> Problem details
Only the lines from the opening of the material through the line bearing "中央宣讲团成员 中共中央政治局委员 广东省委书记" should be reproduced, exactly and without pictures.

START Input records

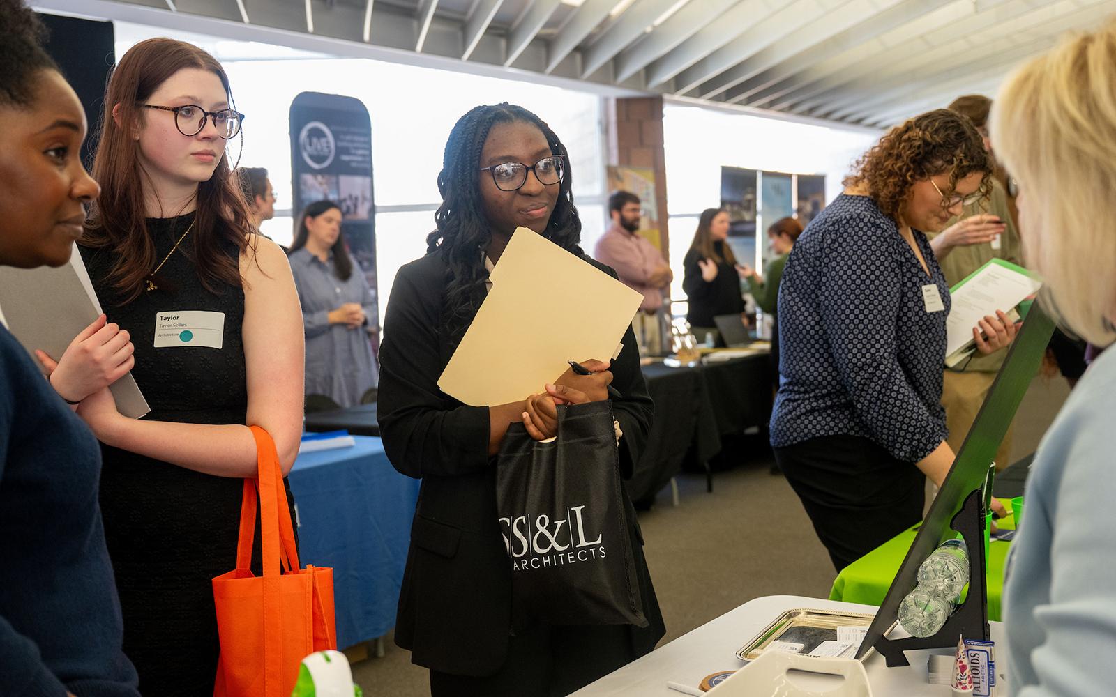 Students and employers gather at the 2025 Mississippi State College of Architecture, Art and Design Career Fair. (Photo by Emily Grace McCall)
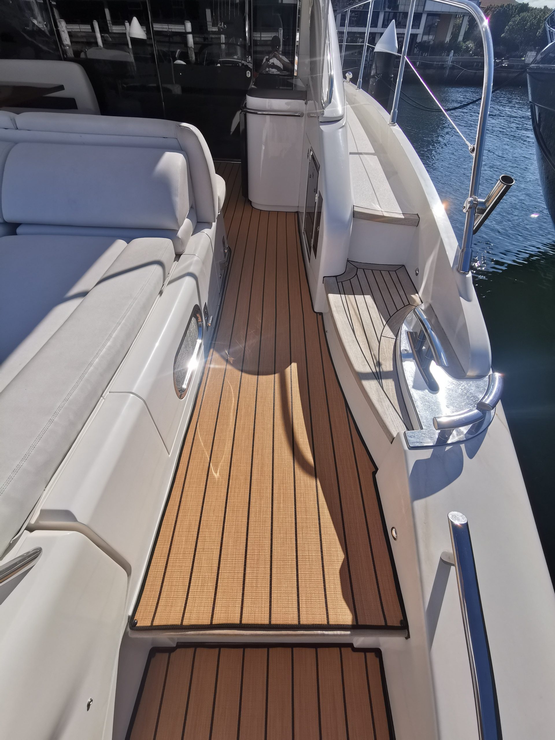 For the first time, a luxurious, externally durable and soft floor is a practical alternative to carpet, tiles, concrete and timber when considering marine or outdoor decking requirements. The lightness of Infinity means that the decking does not require the same structural requirements and rigidness it does for heavy tiles.
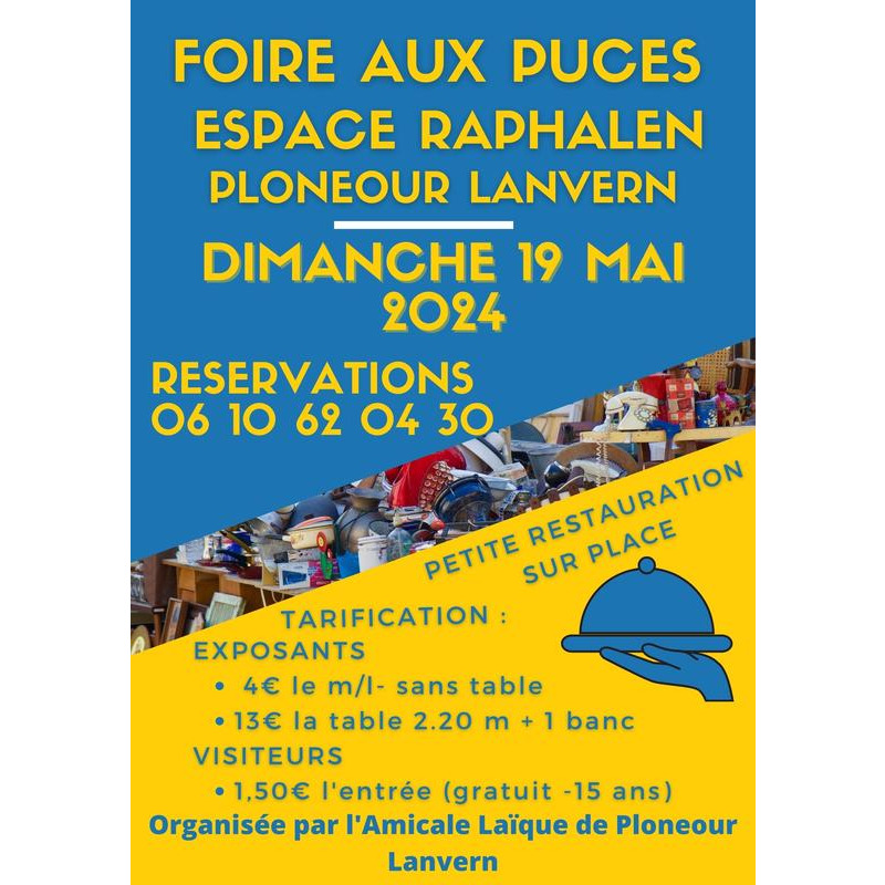 Foire aux puces avec restauration sur place : frites, saucisses, paninis, crêpes, kouign, buvette.
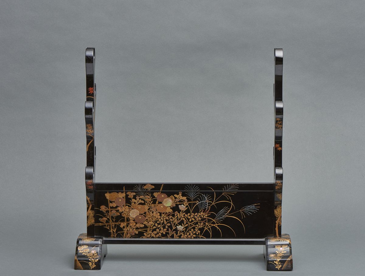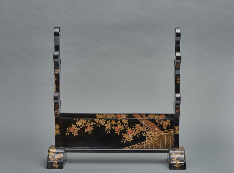 Black lacquered sword stand (katanakake) for five swords decorated with cherry blossom and, at the other side, the seven herbs of autumn; the sides of the sword stand shows sprays of autumn leaves (momiji), pine tree and chrysanthemums in gold maki-lacquer and mother-of-pearl inlay, in original box.
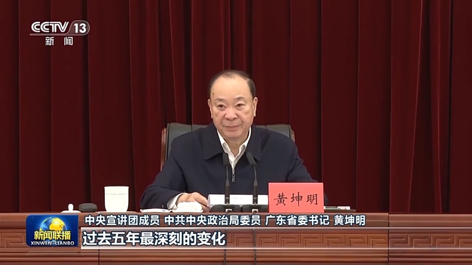 中央宣讲团成员 中共中央政治局委员 广东省委书记 黄坤明:在习近平总书记、党中央坚强领导下,过去五年最深刻的变化,就是中国式现代化迈出新的坚实步伐,强国建设阔步向前、民族复兴势不可挡,全党全国各族人民要坚定拥护“两个确立”、坚决做到“两个维护”。
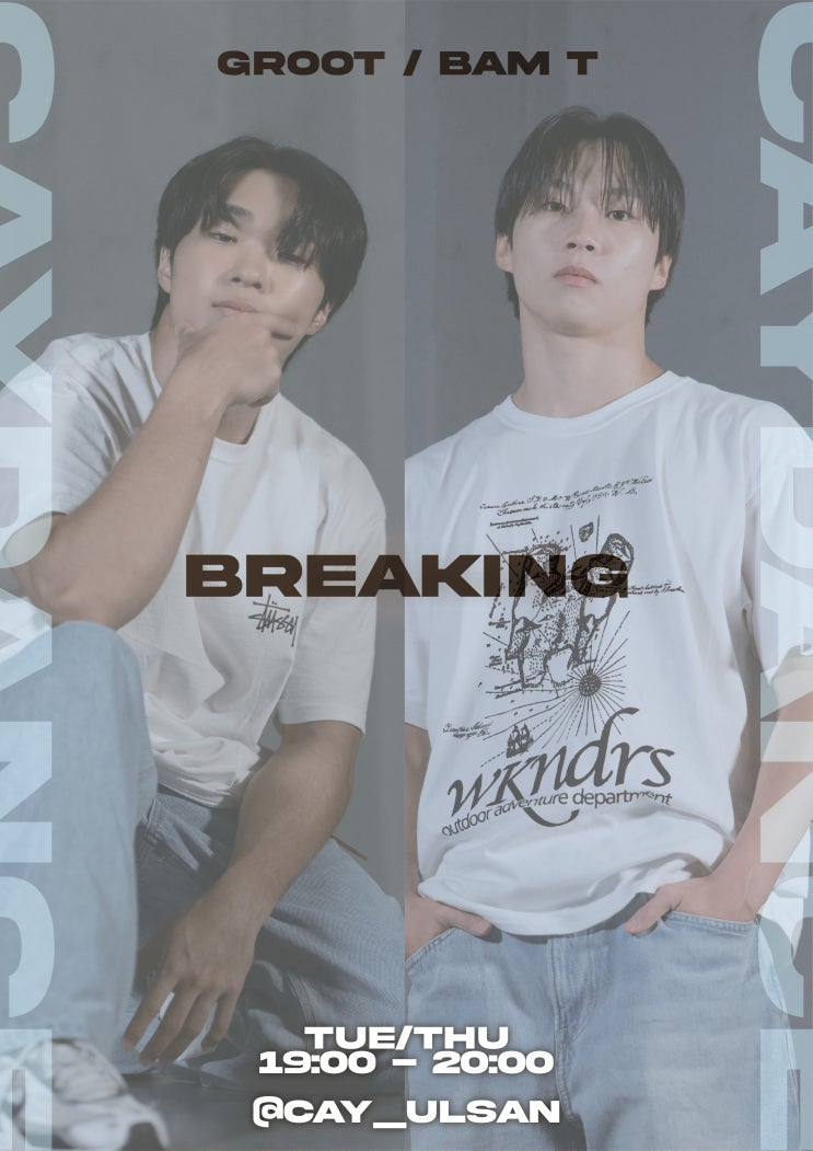 BREAKING '브레이킹' 이란? 브레이킹(비보잉)은 간단한 기본 스텝과 동작들뿐만 아니라 역동적인 움직임과 화려한 기술들이 특징인 춤 입니다. 브레이킹&브레이킹 전문 클래스 선생님 BAM&GROOT&KINGSO T 2024년 파리 올림픽 브레이킹 국가대표 코치 KINGSO 2021 브레이킹 청소년 국가대표 GROOT 2명의 비보이들과 함께 더욱 탄탄해진 울산 카이댄스학원 브레이킹 클래스 입니다! #울산댄스학원 #댄스학원 #카이댄스학원 #울산연습실 #댄스연습실 #브레이킹 #직장인취미 #댄스 #댄스초보 #전문반 #입시반 #공연 #입시전문반 #댄스전문 #댄스취미 #입시전문반 #전문반 #입시반 #대학교 <img src="https://blogthumb.pstatic.net/MjAyNjAyMTFfODEg/MDAxNzcwNzg5MzU4Mzkw.ZY14YLUYcG45-rjkHogI0FV6t0QLdb01PYyaq1jsw9Ig.nMIFt1VNss5W2PNmXiwmPrFwycuFJG-uz6s9n2hK9Wcg.JPEG/%BA%EA%B7%B9%C0%CC%C5%B7_-_GrootBam.jpg?type=s3" />
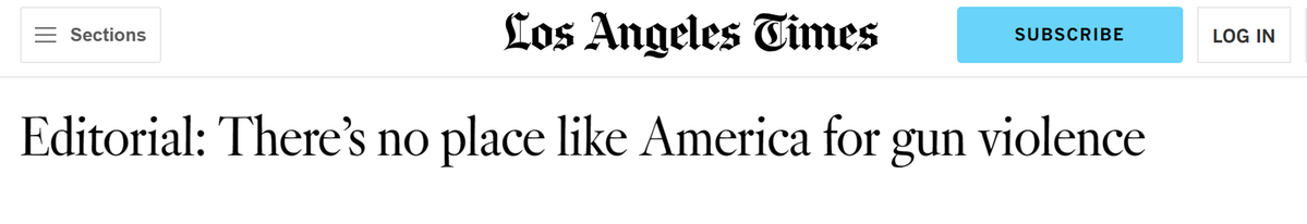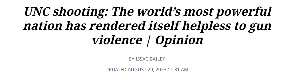 文章讽刺说,在美国,有税收,有死亡,也会有下一个突发事件——一名枪手在学校、商场、杂货店等等场所不受约束地自由行动。“我知道如果又有一个枪手出现在我工作的地方,我应该采取怎样的紧急措施,就像太阳从东边升起一样,肯定还会有下一个枪手出现。”
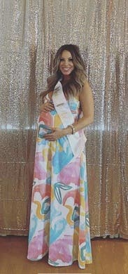 I wore this for my baby shower at 31 weeks pregnant. I absolutely loved it! The dress was comfortable and the colors are vibrant and fun. I’m usually a small/medium and size 6 pre pregnancy. I got the medium and large. I ended up wearing the large because the medium was way too small around my bust.
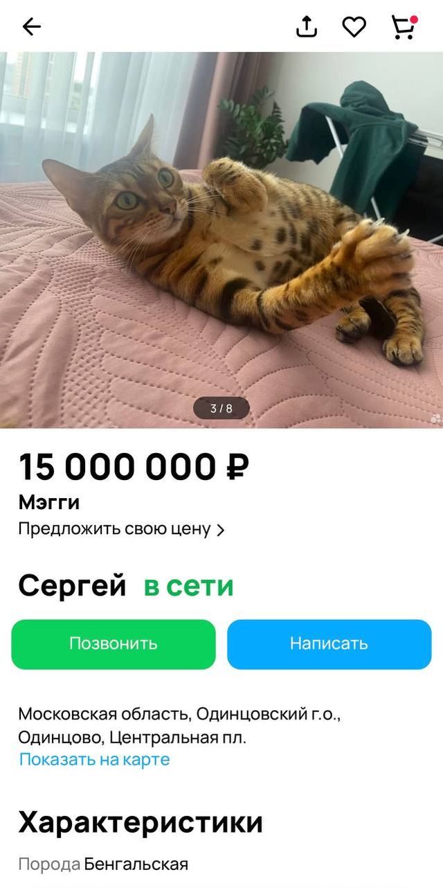 В Сети часто можно увидеть объявления из серии "отдам в добрые руки". Обычно зверушек отдают бесплатно, а иногда за символические суммы. К породистым животным это, понятное дело не относится, но порой цены... действительно кусаются! Вот, например, некий Сергей из Одинцово решил "отдать в добрые руки" свою бенгальскую кошечку Мэгги за какие-то 15 миллионов рублей. Парень также потрудился над текстом объявления. Он красочно описал котейку, которая, по его словам - "директор филиала ада на земле".

END Input records

> Exercise result
 Students and employers gather at the 2025 Mississippi State College of Architecture, Art and Design Career Fair. (Photo by Emily Grace McCall)
 For the first time, a luxurious, externally durable and soft floor is a practical alternative to carpet, tiles, concrete and timber when considering marine or outdoor decking requirements. The lightness of Infinity means that the decking does not require the same structural requirements and rigidness it does for heavy tiles.
 Foire aux puces avec restauration sur place : frites, saucisses, paninis, crêpes, kouign, buvette.
 Black lacquered sword stand (katanakake) for five swords decorated with cherry blossom and, at the other side, the seven herbs of autumn; the sides of the sword stand shows sprays of autumn leaves (momiji), pine tree and chrysanthemums in gold maki-lacquer and mother-of-pearl inlay, in original box.
 中央宣讲团成员 中共中央政治局委员 广东省委书记 黄坤明:在习近平总书记、党中央坚强领导下,过去五年最深刻的变化,就是中国式现代化迈出新的坚实步伐,强国建设阔步向前、民族复兴势不可挡,全党全国各族人民要坚定拥护“两个确立”、坚决做到“两个维护”。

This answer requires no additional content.